**Exercise inputs:**
# # # # #

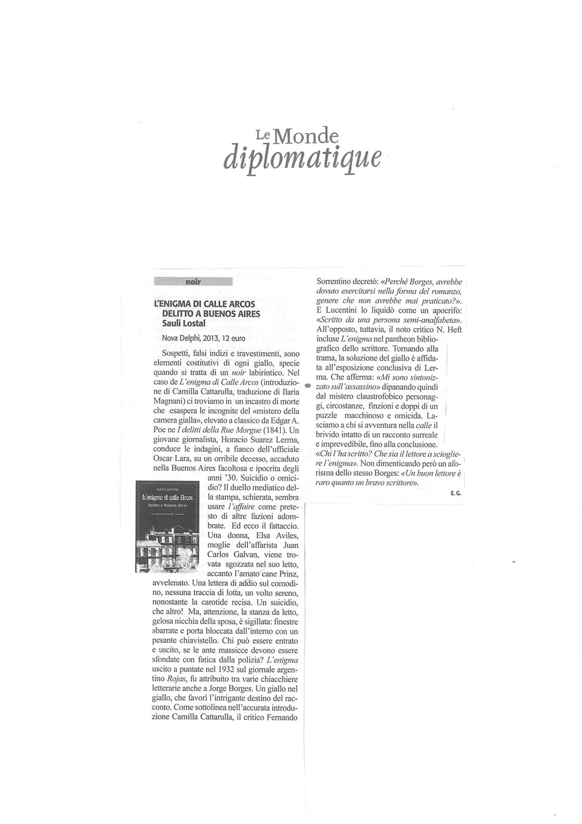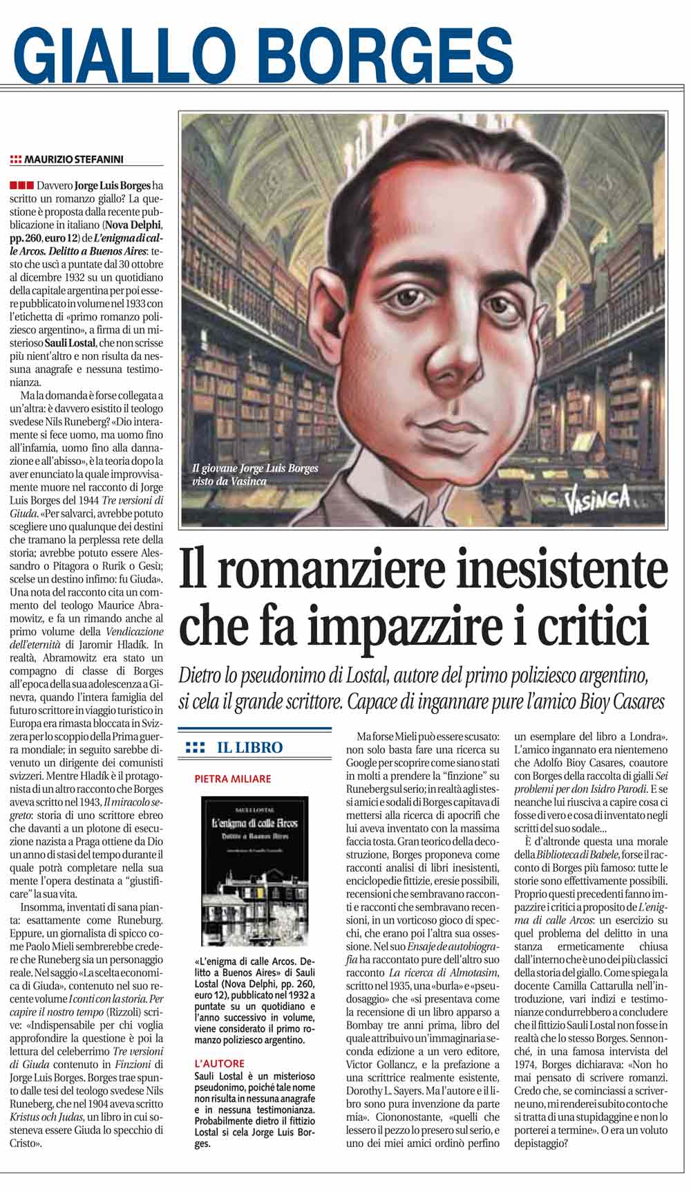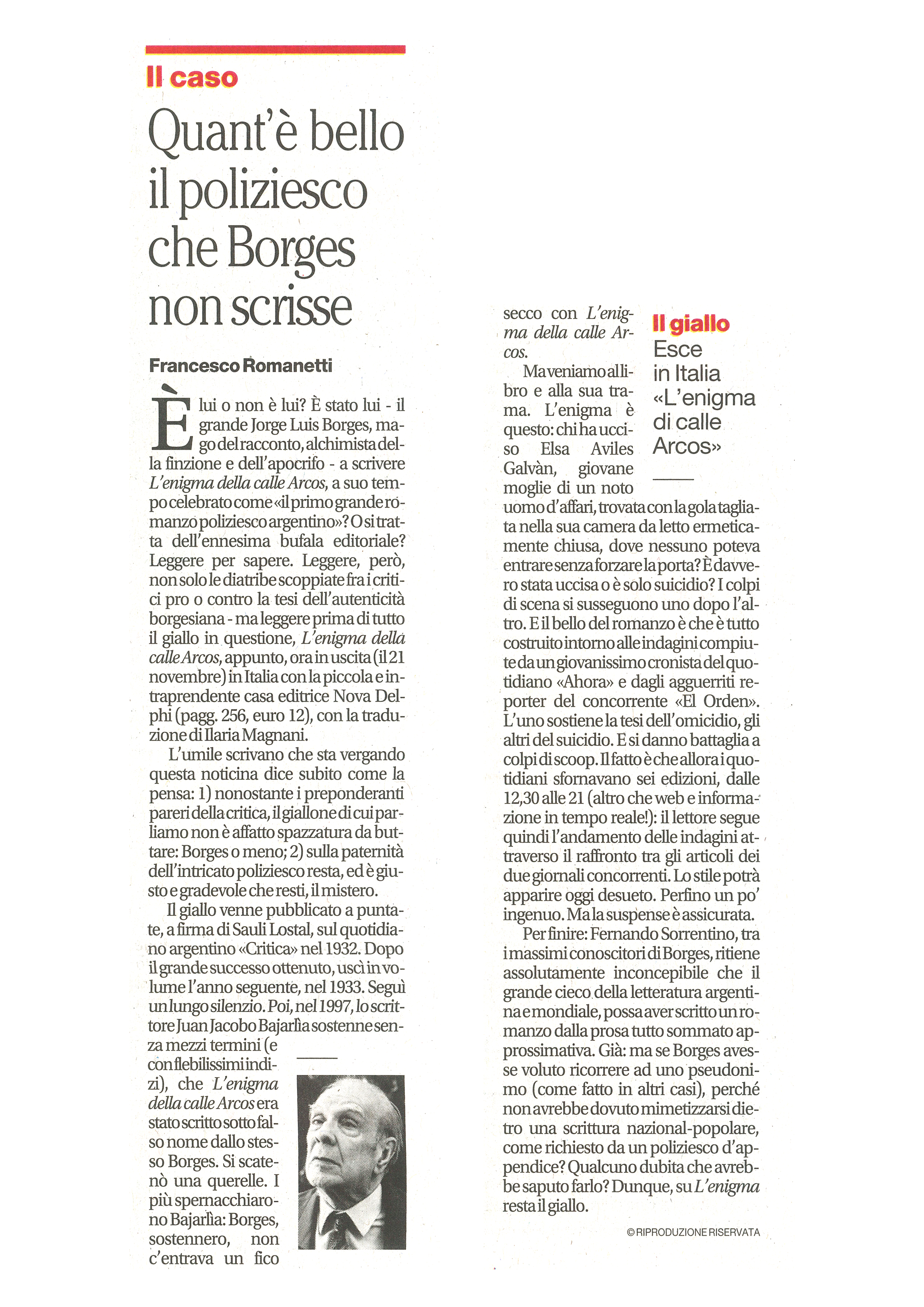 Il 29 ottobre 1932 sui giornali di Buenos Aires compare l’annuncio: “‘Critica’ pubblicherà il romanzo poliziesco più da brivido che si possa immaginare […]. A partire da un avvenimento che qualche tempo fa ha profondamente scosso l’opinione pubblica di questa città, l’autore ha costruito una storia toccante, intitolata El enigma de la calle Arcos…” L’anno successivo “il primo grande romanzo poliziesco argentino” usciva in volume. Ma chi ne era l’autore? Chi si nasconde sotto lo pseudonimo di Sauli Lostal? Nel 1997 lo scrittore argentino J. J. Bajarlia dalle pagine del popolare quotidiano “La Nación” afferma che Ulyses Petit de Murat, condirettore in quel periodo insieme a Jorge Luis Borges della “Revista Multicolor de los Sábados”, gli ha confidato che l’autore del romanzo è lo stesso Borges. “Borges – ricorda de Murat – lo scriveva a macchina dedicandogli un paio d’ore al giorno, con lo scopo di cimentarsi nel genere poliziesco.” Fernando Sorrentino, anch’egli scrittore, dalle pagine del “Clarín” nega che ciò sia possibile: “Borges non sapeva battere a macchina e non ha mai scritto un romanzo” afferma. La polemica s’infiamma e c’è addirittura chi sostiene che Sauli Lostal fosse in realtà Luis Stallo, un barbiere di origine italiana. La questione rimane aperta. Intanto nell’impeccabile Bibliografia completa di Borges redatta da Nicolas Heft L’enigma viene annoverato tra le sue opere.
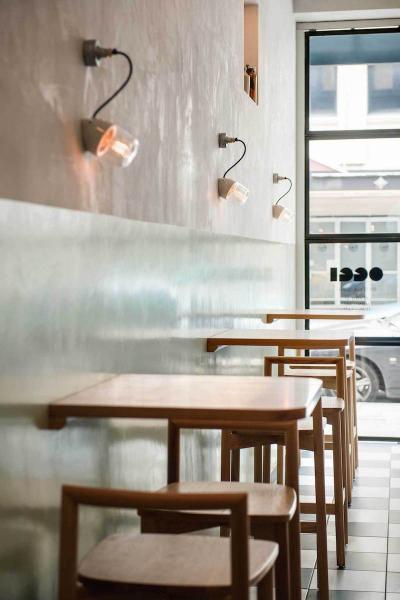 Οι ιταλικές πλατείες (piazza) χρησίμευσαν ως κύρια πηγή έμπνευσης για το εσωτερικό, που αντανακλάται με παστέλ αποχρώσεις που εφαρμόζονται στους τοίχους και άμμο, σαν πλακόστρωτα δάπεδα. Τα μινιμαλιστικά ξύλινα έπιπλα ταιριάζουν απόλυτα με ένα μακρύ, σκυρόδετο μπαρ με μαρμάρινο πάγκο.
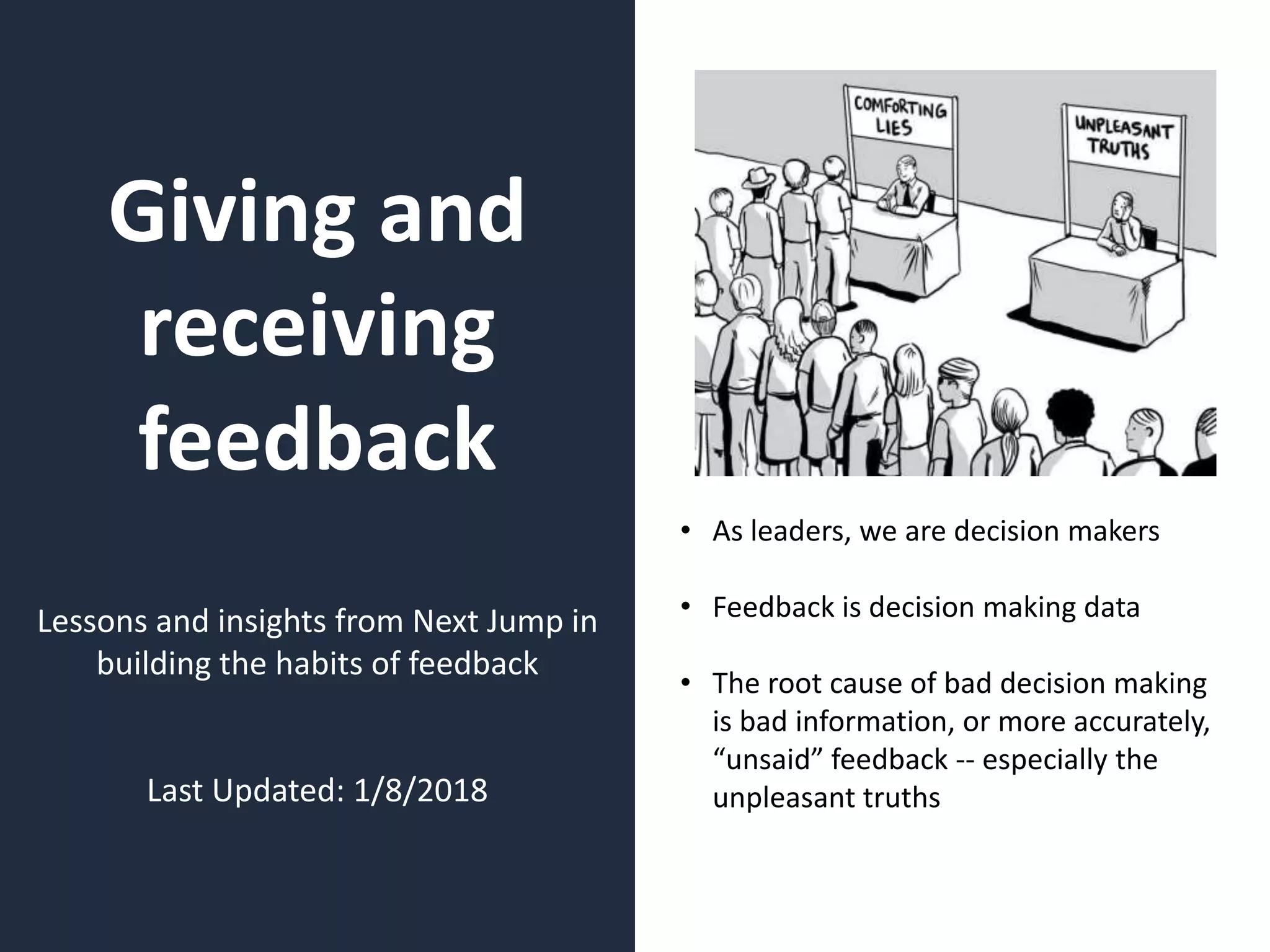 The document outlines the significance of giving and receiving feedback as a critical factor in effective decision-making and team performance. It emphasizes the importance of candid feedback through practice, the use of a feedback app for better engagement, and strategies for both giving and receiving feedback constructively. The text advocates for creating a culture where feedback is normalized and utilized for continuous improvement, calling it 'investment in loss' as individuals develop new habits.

# # # # #

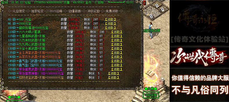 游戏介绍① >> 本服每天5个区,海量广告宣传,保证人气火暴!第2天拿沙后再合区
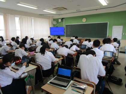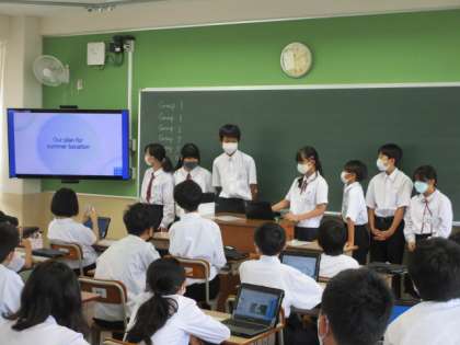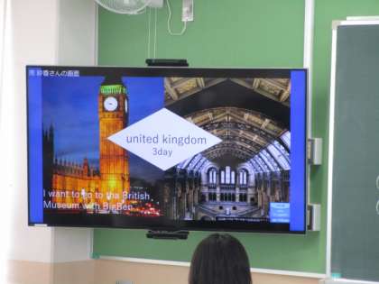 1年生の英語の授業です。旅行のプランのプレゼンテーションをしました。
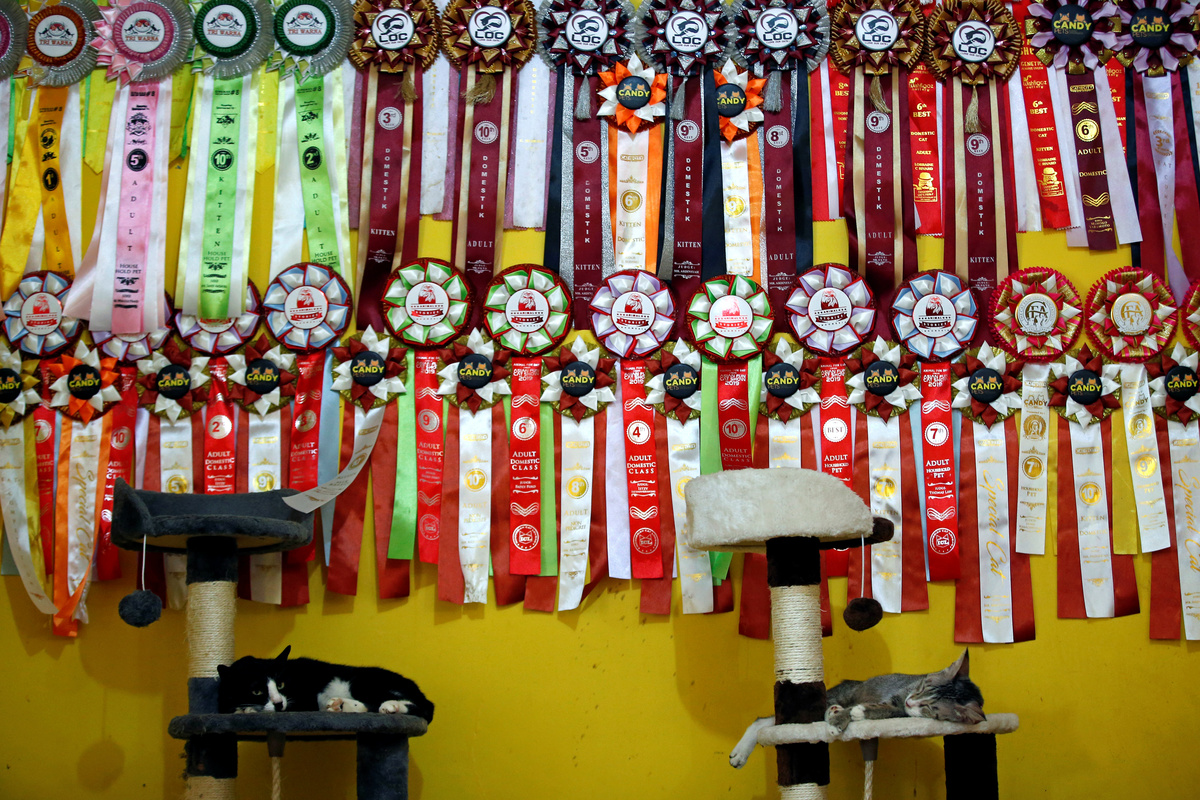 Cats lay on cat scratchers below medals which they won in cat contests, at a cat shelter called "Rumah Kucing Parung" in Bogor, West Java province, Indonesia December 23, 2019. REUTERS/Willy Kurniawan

# # # # #

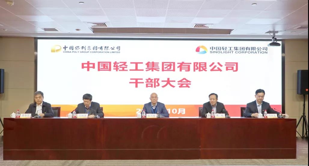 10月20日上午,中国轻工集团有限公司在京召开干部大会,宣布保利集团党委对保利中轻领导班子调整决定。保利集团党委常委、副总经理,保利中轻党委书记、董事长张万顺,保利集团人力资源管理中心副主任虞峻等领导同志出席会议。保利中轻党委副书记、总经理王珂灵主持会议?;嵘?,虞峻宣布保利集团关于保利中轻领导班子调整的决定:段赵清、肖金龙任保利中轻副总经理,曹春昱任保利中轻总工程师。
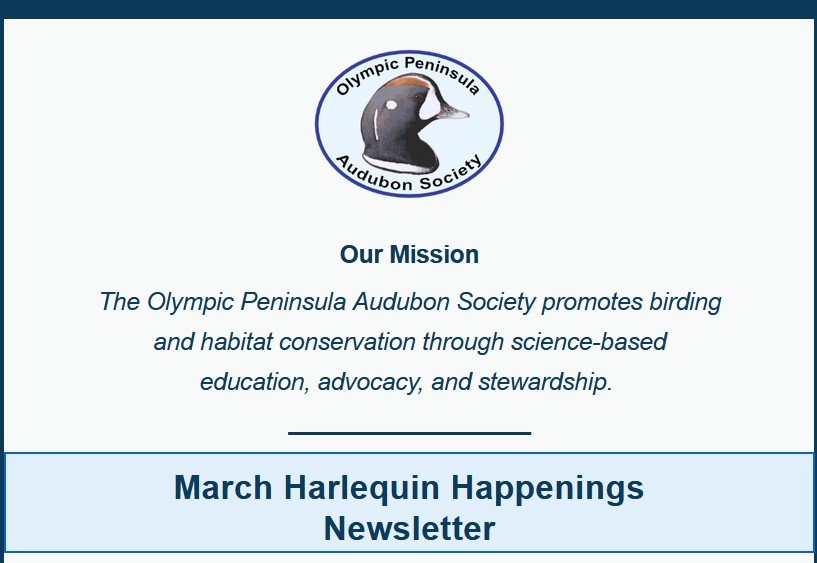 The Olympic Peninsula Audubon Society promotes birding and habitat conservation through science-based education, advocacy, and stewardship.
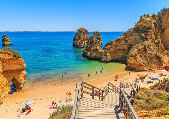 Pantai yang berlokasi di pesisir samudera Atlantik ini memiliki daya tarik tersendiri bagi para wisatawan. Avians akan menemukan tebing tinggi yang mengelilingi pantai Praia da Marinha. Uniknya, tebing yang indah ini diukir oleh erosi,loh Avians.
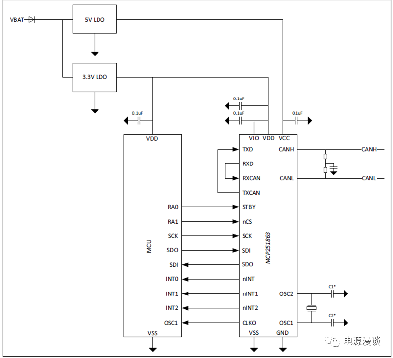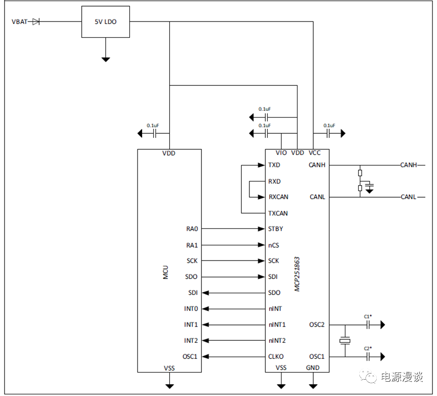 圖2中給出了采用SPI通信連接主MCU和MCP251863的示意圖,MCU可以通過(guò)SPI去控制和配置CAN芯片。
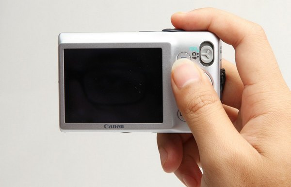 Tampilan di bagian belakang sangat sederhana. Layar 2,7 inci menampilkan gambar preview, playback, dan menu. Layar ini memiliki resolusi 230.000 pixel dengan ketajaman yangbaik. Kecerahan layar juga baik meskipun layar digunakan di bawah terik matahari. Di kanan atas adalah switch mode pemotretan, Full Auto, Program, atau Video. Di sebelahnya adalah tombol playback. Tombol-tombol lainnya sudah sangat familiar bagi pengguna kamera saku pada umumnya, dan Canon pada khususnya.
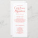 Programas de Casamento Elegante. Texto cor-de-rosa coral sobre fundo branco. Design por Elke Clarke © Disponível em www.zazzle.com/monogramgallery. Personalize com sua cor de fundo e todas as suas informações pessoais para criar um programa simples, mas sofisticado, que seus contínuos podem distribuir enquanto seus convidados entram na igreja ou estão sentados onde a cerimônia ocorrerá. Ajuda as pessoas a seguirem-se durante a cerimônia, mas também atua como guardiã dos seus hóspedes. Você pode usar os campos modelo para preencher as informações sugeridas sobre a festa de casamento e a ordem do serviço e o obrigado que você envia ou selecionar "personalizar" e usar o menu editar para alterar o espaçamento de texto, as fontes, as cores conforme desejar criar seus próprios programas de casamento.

# # # # #

**Task:**
What belongs in the answer is each line above from the line with "圖2中給出了采用SPI通信連" to the line with "Tampilan di bagian", inclusive, reproduced exactly and free of pictures.

**Completed task:**
 圖2中給出了采用SPI通信連接主MCU和MCP251863的示意圖,MCU可以通過(guò)SPI去控制和配置CAN芯片。
 Tampilan di bagian belakang sangat sederhana. Layar 2,7 inci menampilkan gambar preview, playback, dan menu. Layar ini memiliki resolusi 230.000 pixel dengan ketajaman yangbaik. Kecerahan layar juga baik meskipun layar digunakan di bawah terik matahari. Di kanan atas adalah switch mode pemotretan, Full Auto, Program, atau Video. Di sebelahnya adalah tombol playback. Tombol-tombol lainnya sudah sangat familiar bagi pengguna kamera saku pada umumnya, dan Canon pada khususnya.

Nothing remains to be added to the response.